> Exercise
Below is a listing to write out in full, exactly as given, without its pictures.

> Information provided
──────────────────────────────

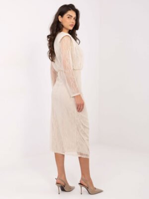 Nėrinių suknelė su permatomomis rankovėmis ir skeltuku “TAYA” sviesi smėlio
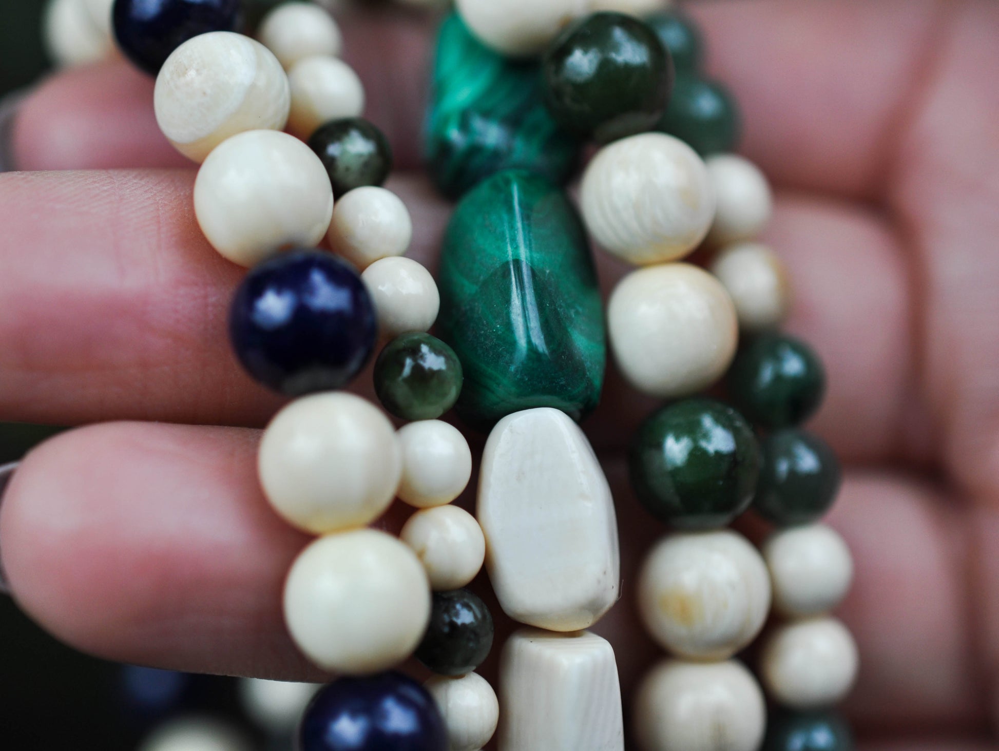SOLD OUT Green Malachite & Mammoth Natural Bead Bracelet (photographed center)
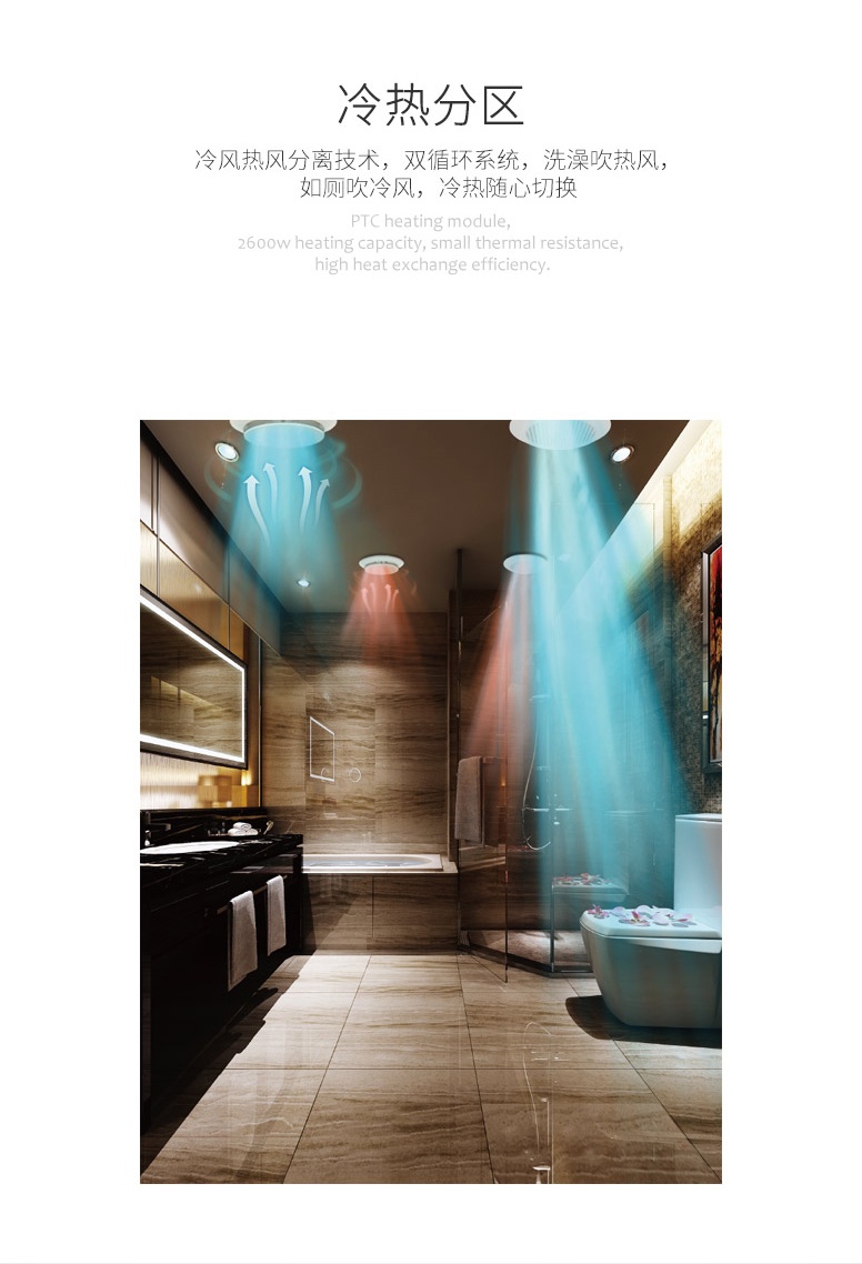 冷熱分區:冷風熱風分離技術,雙循環系統,洗澡吹冷風,如廁吹冷風,冷熱隨心切換。
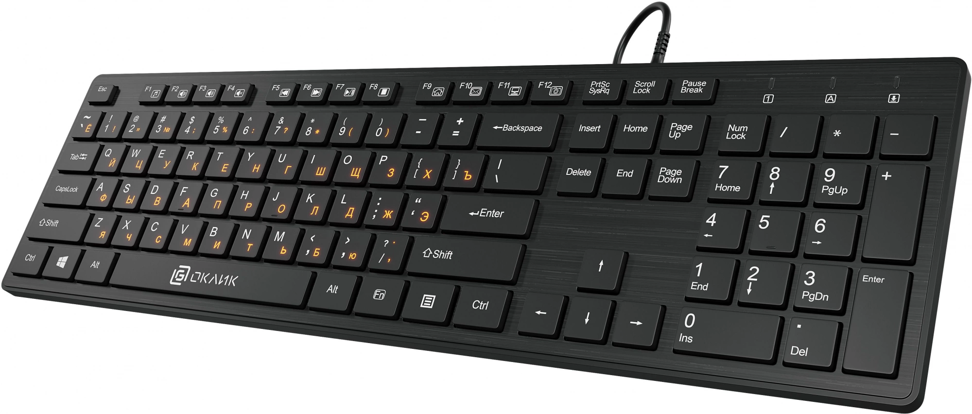 Клавиатура Oklick 520M2U проводная, USB, черный + черный [520M2U]

──────────────────────────────

> Reply
 Nėrinių suknelė su permatomomis rankovėmis ir skeltuku “TAYA” sviesi smėlio
SOLD OUT Green Malachite & Mammoth Natural Bead Bracelet (photographed center)
 冷熱分區:冷風熱風分離技術,雙循環系統,洗澡吹冷風,如廁吹冷風,冷熱隨心切換。
 Клавиатура Oklick 520M2U проводная, USB, черный + черный [520M2U]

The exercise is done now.